Sunday, January 3, 2016

Stuck in the mud...

As we start 2016, the market is in and has been stuck in a range for the past 3 months. If you go back to the start of 2015, it's been stuck in a similar range for the past year - besides a small downswing in late August that it recovered from. This makes our job hard, as we are not trying to predict what the market will; instead we are trying to follow the trends. If there is no trend, it becomes difficult to make any money trading the indexes.

With that said, one significant event has taken place that may give us a clue of what the next trend will be. The S&P 500 has dipped below its 42 day MA on the weekly chart a few different times since November 13th. It recovered a couple of time to take a peak back above it before falling again. It took another look above this past week before settling below.

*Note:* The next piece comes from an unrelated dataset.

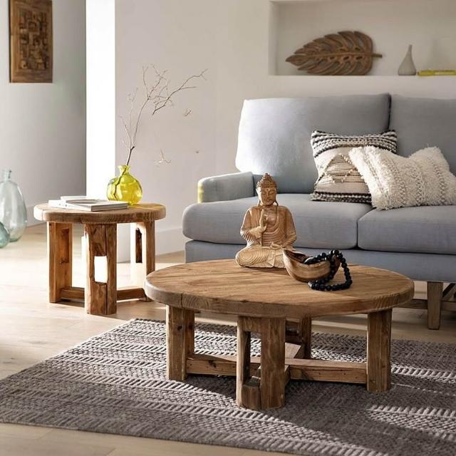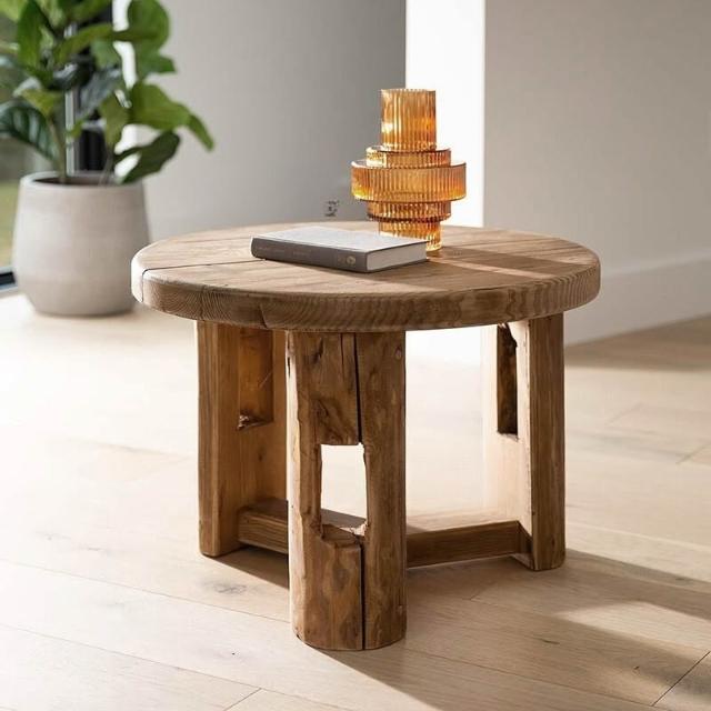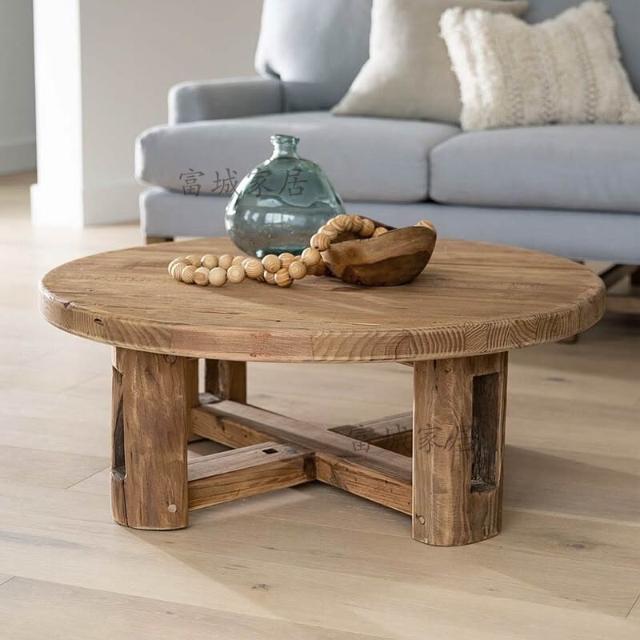 可開票 茶几 茶台 茶桌 日式實木茶幾 美式鄉村小戶型茶台 家用原木圓形侘寂風沙發邊几 民宿家具定製

As of now, the S&P 500 sits below its weekly 42 MA, below the weekly 10 MA and just slightly above the weekly 18 MA. This should make you think twice before entering in your 401k right now. It should also make you think about exiting if you are still in your 401k. If you do stay in, it would be wise to exit if it drops below the 18 MA.


  • 401K/IRA
    • If still invested, look to get out if the S&P drops below its weekly 18 MA. 
    • If you're in cash then stay on the sidelines and wait for something to develop.
  • Stocks/ETFs
    • Only invest in strong patterns.  Do not forget to have a STOP LIMIT for open positions.